→ **ABOUT THIS EXERCISE**:
From the listing below, output the lines between the one with "近日,位于上海中心120层的" and the one with "На открытке слева", including those two, and nothing else. Pictures are not copied.

→ **RECORDS SHOWN**:
━━━━━━━━━━━━━━━━
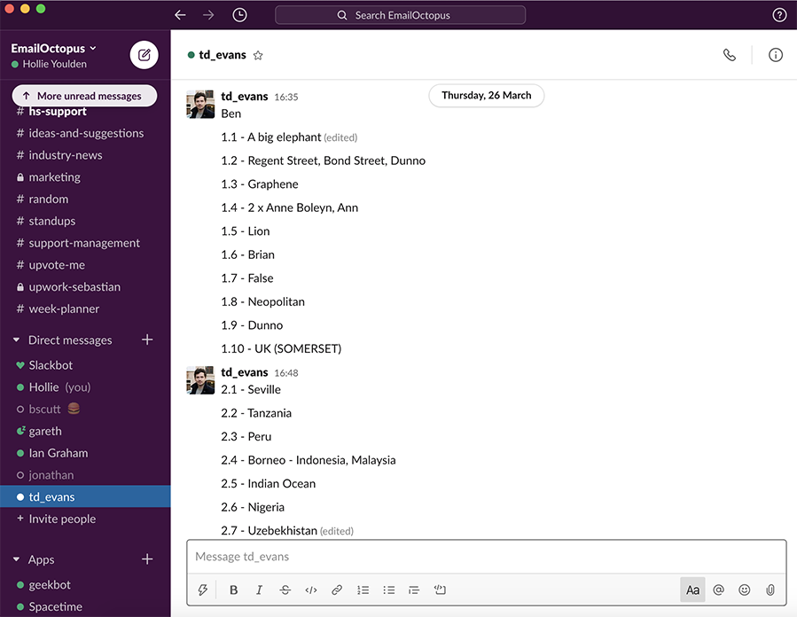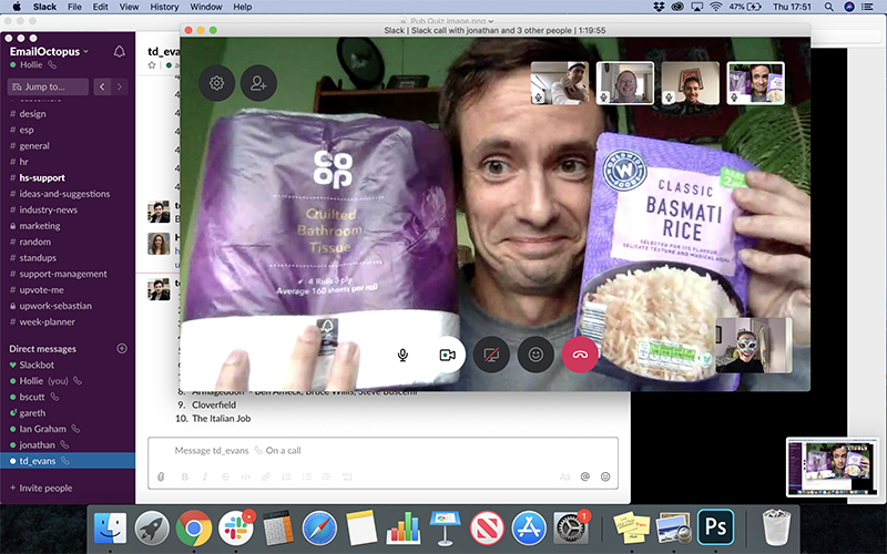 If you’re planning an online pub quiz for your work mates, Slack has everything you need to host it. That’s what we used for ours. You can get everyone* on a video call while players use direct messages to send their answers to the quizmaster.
━━━━━━━━━━━━━━━━
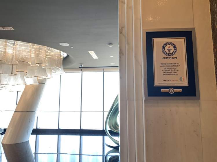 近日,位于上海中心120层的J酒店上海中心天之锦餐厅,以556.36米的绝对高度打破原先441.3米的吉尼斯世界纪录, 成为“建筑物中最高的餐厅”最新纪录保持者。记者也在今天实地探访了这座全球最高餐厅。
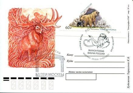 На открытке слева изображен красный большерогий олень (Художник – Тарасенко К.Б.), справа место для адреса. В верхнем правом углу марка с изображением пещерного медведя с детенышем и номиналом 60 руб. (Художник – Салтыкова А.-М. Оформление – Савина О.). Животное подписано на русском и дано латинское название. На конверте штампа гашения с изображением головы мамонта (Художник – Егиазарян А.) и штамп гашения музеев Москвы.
━━━━━━━━━━━━━━━━
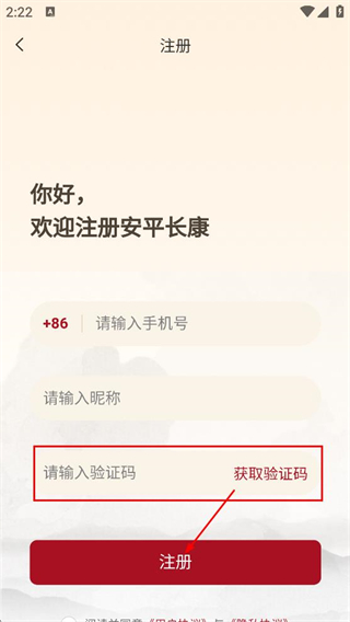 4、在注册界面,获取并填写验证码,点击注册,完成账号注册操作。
━━━━━━━━━━━━━━━━
→ **SOLUTION BELOW**:
 近日,位于上海中心120层的J酒店上海中心天之锦餐厅,以556.36米的绝对高度打破原先441.3米的吉尼斯世界纪录, 成为“建筑物中最高的餐厅”最新纪录保持者。记者也在今天实地探访了这座全球最高餐厅。
 На открытке слева изображен красный большерогий олень (Художник – Тарасенко К.Б.), справа место для адреса. В верхнем правом углу марка с изображением пещерного медведя с детенышем и номиналом 60 руб. (Художник – Салтыкова А.-М. Оформление – Савина О.). Животное подписано на русском и дано латинское название. На конверте штампа гашения с изображением головы мамонта (Художник – Егиазарян А.) и штамп гашения музеев Москвы.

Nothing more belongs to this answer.